The input: Begin

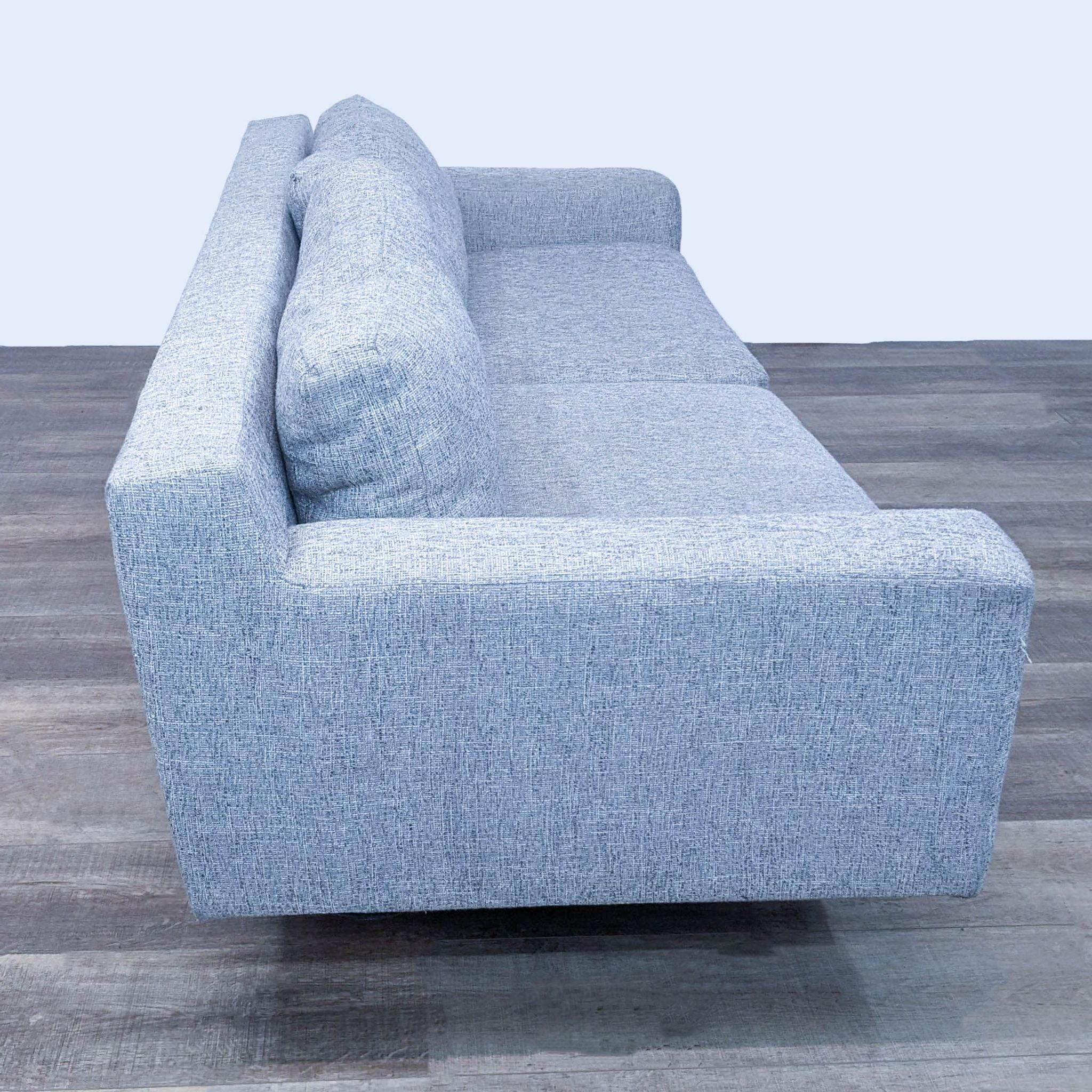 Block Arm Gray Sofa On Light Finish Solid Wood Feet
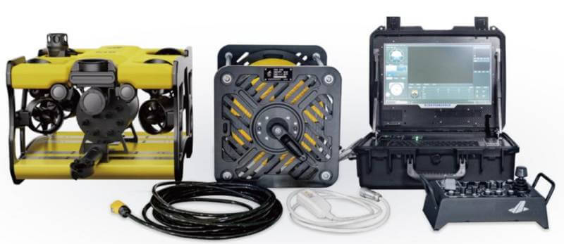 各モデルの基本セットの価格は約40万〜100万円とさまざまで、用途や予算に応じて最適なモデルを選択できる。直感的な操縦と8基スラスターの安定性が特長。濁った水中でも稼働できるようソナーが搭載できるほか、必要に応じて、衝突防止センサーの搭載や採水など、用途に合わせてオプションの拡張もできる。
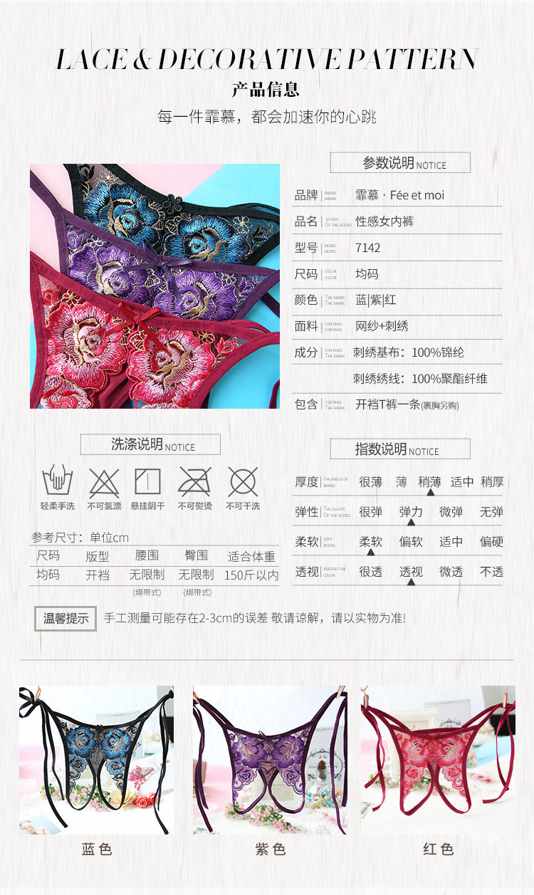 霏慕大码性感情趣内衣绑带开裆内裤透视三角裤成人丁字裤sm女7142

The input: End
The input: Begin

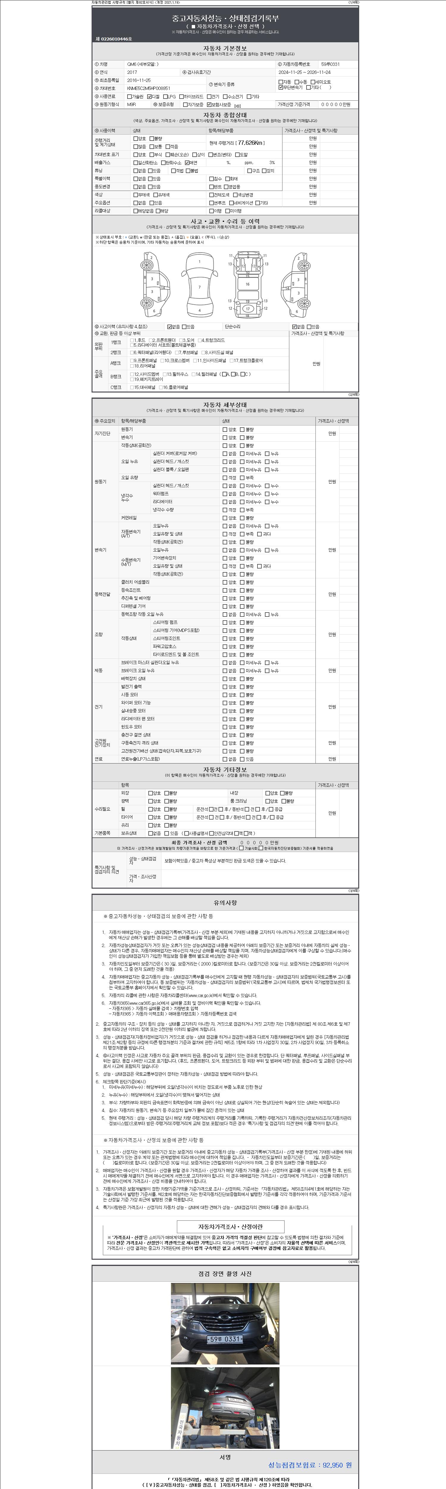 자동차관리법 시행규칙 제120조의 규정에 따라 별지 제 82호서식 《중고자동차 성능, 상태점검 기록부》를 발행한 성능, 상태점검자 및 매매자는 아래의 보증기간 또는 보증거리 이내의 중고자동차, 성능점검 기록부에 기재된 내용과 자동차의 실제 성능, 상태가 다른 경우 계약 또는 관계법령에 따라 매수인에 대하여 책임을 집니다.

The input: End
The input: Begin

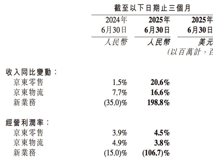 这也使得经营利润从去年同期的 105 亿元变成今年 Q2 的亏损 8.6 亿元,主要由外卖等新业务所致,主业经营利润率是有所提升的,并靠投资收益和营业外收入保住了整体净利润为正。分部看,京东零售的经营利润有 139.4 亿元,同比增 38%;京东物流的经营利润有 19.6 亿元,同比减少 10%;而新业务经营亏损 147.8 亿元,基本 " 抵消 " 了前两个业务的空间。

The input: End

## What to produce
Transcribe exactly the lines above, beginning at the one with "Block Arm Gray" and going up to and including the one with "霏慕大码性感情趣内衣绑带开裆内裤透视三角裤成人丁字裤sm女7142". Pictures do not belong in the copy.

## Response to the exercise
 Block Arm Gray Sofa On Light Finish Solid Wood Feet
 各モデルの基本セットの価格は約40万〜100万円とさまざまで、用途や予算に応じて最適なモデルを選択できる。直感的な操縦と8基スラスターの安定性が特長。濁った水中でも稼働できるようソナーが搭載できるほか、必要に応じて、衝突防止センサーの搭載や採水など、用途に合わせてオプションの拡張もできる。
 霏慕大码性感情趣内衣绑带开裆内裤透视三角裤成人丁字裤sm女7142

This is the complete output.